It's been a year since the ban on online elections was lifted, and every time the elections are over, it's a speech space that keeps reducing the remaining machines of democracy and Japan like a spelunker. How are you doing today?
By the way, this time I will examine the contents of the tweets before and after the ballot counting.
2014/12/14 From 18:00 to 07:00 Collect tweets containing the following information
#election,#House of Representatives election,election
** Keep getting tweets containing specific keywords using Streaming API in Python ** http://qiita.com/mima_ita/items/ecdf7de2fe619378beee
https://github.com/mima3/stream_twitter
Confirmed to work on Windows7 Python 2.7
The collected data can be downloaded from the following. http://needtec.sakura.ne.jp/doc/shuin47twitter.zip
First, let's look at the number of tweets by time. Let's look at the hourly data from 18:00 to 07:00 on 2014/12/14 using the above code.

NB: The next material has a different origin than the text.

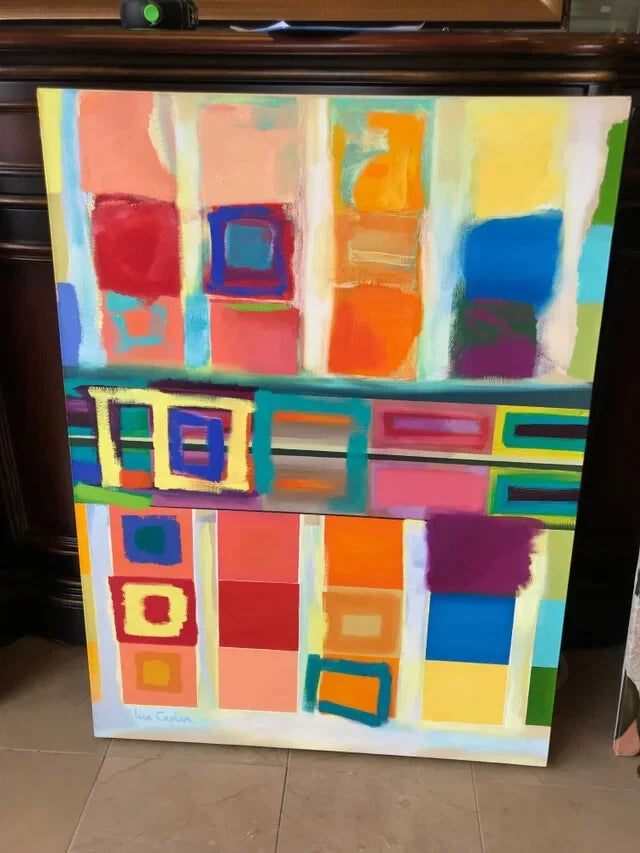Acrylic on canvas abstract titled "Triads" by Lisa Caplan. Art features a thick vertically hung canvas with colorful block and square shapes. Signed by artist lower left.
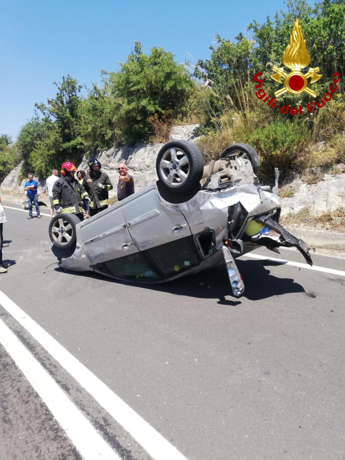Auto finisce cappottata dopo tamponamento: due feriti

python twitter_db_hist.py "2014/12/14 9:00" "2014/12/14 22:00" 3600
The result is as follows:
Time (UTC) | Japan time | number |
---|---|---|
12/14 09:00 | 12/14 18:00 | 3149 |
12/14 10:00 | 12/14 19:00 | 4047 |
12/14 11:00 | 12/14 20:00 | 11280 |
12/14 12:00 | 12/14 21:00 | 9755 |
12/14 13:00 | 12/14 22:00 | 7199 |
12/14 14:00 | 12/14 23:00 | 5207 |
12/14 15:00 | 12/14 00:00 | 3472 |
12/14 16:00 | 12/14 01:00 | 3801 |
12/14 17:00 | 12/14 02:00 | 1545 |
12/14 18:00 | 12/14 03:00 | 529 |
12/14 19:00 | 12/14 04:00 | 292 |
12/14 20:00 | 12/14 05:00 | 300 |
12/14 21:00 | 12/14 06:00 | 477 |
The timing of ballot counting at 20:00 is the highest. And the number of tweets will decrease over time. However, it revived in the 1:00s, and after that, the number of tweets decreased, and it recovered a little from around 5:00 when I woke up.
It's understandable that the number of tweets decreases at midnight and increases in the morning. But why did the number of tweets increase in the midnight 1:00s?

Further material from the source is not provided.